Layer 3: ADAPTABLE (Can Modify If Config Fails)
These files contain heuristics that may need tuning for specific PDFs:
| File | What You Can Modify |
|---|---|
conversion/strategies/* |
Create new strategy subclass |
detectors/structure_classifier.py |
Heading detection heuristics |
detectors/reading_order/* |
Add custom sorter algorithm |
detectors/footnote_detector.py |
Add new footnote patterns |
See reference/code-adaptation.md for guidelines.
Project Structure
<skill-directory>/
├── SKILL.md # This file
├── requirements.txt # Python dependencies
├── core/ # FROZEN: Core algorithms
│ ├── epub_builder.py # EPUB3 file creation
│ ├── pdf_extractor.py # PDF text/image extraction
│ ├── text_segmenter.py # Deterministic chunking
│ └── image_optimizer.py # Image compression
│
├── conversion/ # Main conversion logic
│ ├── converter.py # Orchestrator
│ ├── models.py # Data classes & configs
│ ├── strategies/ # ADAPTABLE: Conversion strategies
│ │ ├── base_strategy.py # Template method pattern
│ │ └── simple_strategy.py
│ └── detectors/ # ADAPTABLE: Detection heuristics
│ ├── structure_classifier.py
│ ├── reading_order/
│ ├── footnote_detector.py
│ └── endnote_formatter.py
│
├── validation/ # FROZEN: Quality checking
│ ├── completeness_checker.py
│ └── order_checker.py
│
├── scripts/ # CLI entry points
│ ├── analyze.py
│ ├── convert.py
│ └── validate.py
│
├── reference/ # Documentation
│ ├── workflow.md
│ ├── architecture.md
│ ├── troubleshooting.md
│ ├── config-tuning.md
│ └── code-adaptation.md
│
└── examples/ # Example configurations
├── fiction-simple.json
├── academic-multicol.json
└── magazine-images.json
Example Configurations
Fiction Book (simple layout)
{
"page_ranges": {"skip": [1, 2], "content": [3, -3]},
"exclude_regions": {"top": 0.05, "bottom": 0.05},
"reading_order_strategy": "y_sort",
"heading_detection": {"font_size_threshold": 1.2}
}
Academic Paper (2-column)
{
"page_ranges": {"skip": [1], "content": [2, -1]},
"exclude_regions": {"top": 0.08, "bottom": 0.08},
"reading_order_strategy": "xy_cut",
"multi_column": {"enabled": true, "threshold": 0.4}
}
Magazine (images + columns)
{
"reading_order_strategy": "xy_cut",
"multi_column": {"enabled": true, "column_count": 2},
"image_optimization": {
"enabled": true,
"max_width": 800,
"jpeg_quality": 75
}
}
Reference Documentation
For detailed information, see:
- Workflow Details - Complete phase-by-phase guide
- Architecture - Three-layer system explanation
- Troubleshooting - Common problems and solutions
- Config Tuning - All configuration parameters
- Code Adaptation - When and how to modify code
Common Commands
# Full conversion with validation (from skill directory)

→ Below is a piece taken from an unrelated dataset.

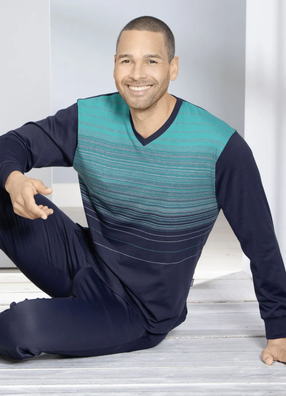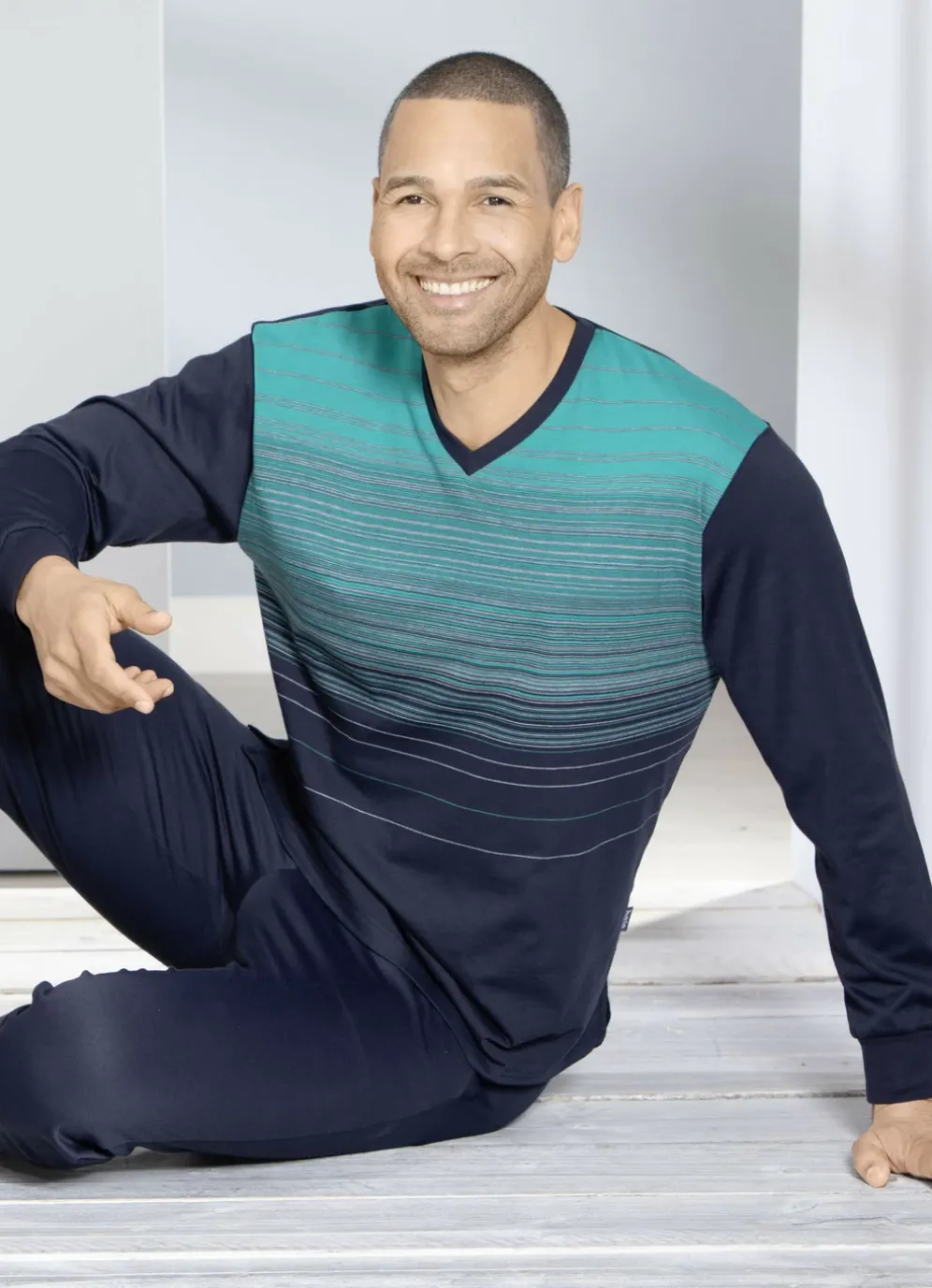 Hajo Klima Komfort Schlafanzug mit V-Ausschnitt und garngefärbtem Ringel in Marine-Smaragdgrün und in Größe 46.

python -m scripts.convert input.pdf output.epub && \
python -m scripts.validate input.pdf output.epub
# Analyze PDF structure
python -m scripts.analyze input.pdf
Quality Metrics
After conversion, always check:
| Metric | Good | Warning | Bad |
|---|---|---|---|
| Text completeness | > 98% | 95-98% | < 95% |
| Reading order | > 90% | 80-90% | < 80% |
| Confidence | > 0.8 | 0.6-0.8 | < 0.6 |
If any metric is in "Warning" or "Bad" range, follow the Decision Tree above.